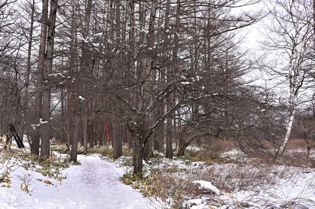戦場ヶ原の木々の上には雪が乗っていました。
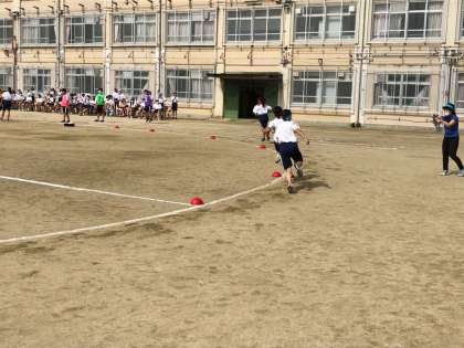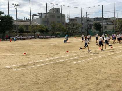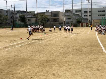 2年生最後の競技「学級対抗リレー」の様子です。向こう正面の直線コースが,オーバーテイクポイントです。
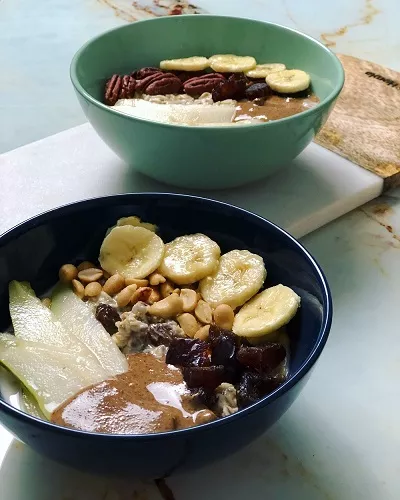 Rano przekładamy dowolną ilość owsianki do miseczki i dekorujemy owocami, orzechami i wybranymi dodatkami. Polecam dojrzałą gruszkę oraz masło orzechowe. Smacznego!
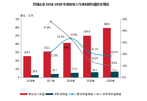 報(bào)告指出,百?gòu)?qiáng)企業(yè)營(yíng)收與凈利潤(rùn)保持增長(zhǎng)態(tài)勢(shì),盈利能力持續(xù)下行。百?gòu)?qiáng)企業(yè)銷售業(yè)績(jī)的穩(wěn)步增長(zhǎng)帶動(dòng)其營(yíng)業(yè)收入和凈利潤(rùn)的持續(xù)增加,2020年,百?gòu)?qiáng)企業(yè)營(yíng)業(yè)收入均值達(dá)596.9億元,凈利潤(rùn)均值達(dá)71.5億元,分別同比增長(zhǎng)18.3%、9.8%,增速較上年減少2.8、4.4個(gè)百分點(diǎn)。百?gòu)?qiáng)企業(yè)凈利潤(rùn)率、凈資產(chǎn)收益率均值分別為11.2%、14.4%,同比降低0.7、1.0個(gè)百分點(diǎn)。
---
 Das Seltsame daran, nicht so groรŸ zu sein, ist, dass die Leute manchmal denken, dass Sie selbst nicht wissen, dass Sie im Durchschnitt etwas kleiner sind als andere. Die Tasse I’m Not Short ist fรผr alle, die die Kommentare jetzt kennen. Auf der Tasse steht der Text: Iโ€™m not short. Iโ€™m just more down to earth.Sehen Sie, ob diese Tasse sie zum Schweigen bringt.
--
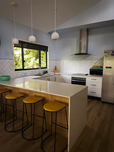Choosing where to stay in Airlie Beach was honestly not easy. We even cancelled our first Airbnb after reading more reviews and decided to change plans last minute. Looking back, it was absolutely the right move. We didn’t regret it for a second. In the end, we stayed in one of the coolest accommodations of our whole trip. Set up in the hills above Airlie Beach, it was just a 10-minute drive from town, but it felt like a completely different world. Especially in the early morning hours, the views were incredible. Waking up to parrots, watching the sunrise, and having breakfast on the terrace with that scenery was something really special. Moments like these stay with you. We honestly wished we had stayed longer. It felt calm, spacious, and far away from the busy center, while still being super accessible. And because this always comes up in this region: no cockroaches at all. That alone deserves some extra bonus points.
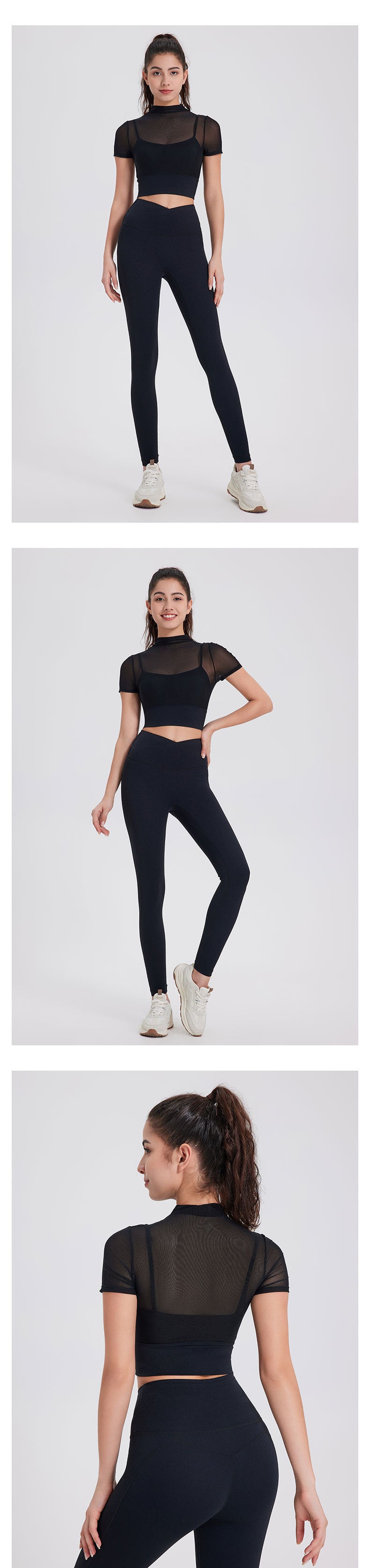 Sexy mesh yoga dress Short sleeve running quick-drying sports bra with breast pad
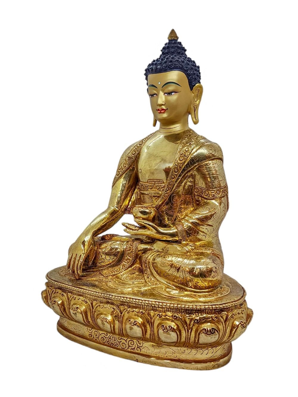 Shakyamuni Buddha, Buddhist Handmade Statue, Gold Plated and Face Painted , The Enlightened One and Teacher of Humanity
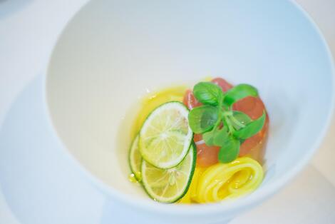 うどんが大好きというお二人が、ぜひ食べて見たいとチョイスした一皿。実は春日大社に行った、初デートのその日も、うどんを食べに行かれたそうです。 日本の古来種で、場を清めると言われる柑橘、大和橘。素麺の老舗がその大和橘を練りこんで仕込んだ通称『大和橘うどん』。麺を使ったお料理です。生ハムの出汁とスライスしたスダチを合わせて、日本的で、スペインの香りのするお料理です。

Problem to work on
Using the data above, give again exactly the lines starting at the one holding "戦場ヶ原の木々の上には雪が乗っていました。" and ending at the one holding "報(bào)告指出,百?gò", inclusive, and nothing more. Omit the pictures.

Expected answer
戦場ヶ原の木々の上には雪が乗っていました。
 2年生最後の競技「学級対抗リレー」の様子です。向こう正面の直線コースが,オーバーテイクポイントです。
 Rano przekładamy dowolną ilość owsianki do miseczki i dekorujemy owocami, orzechami i wybranymi dodatkami. Polecam dojrzałą gruszkę oraz masło orzechowe. Smacznego!
 報(bào)告指出,百?gòu)?qiáng)企業(yè)營(yíng)收與凈利潤(rùn)保持增長(zhǎng)態(tài)勢(shì),盈利能力持續(xù)下行。百?gòu)?qiáng)企業(yè)銷售業(yè)績(jī)的穩(wěn)步增長(zhǎng)帶動(dòng)其營(yíng)業(yè)收入和凈利潤(rùn)的持續(xù)增加,2020年,百?gòu)?qiáng)企業(yè)營(yíng)業(yè)收入均值達(dá)596.9億元,凈利潤(rùn)均值達(dá)71.5億元,分別同比增長(zhǎng)18.3%、9.8%,增速較上年減少2.8、4.4個(gè)百分點(diǎn)。百?gòu)?qiáng)企業(yè)凈利潤(rùn)率、凈資產(chǎn)收益率均值分別為11.2%、14.4%,同比降低0.7、1.0個(gè)百分點(diǎn)。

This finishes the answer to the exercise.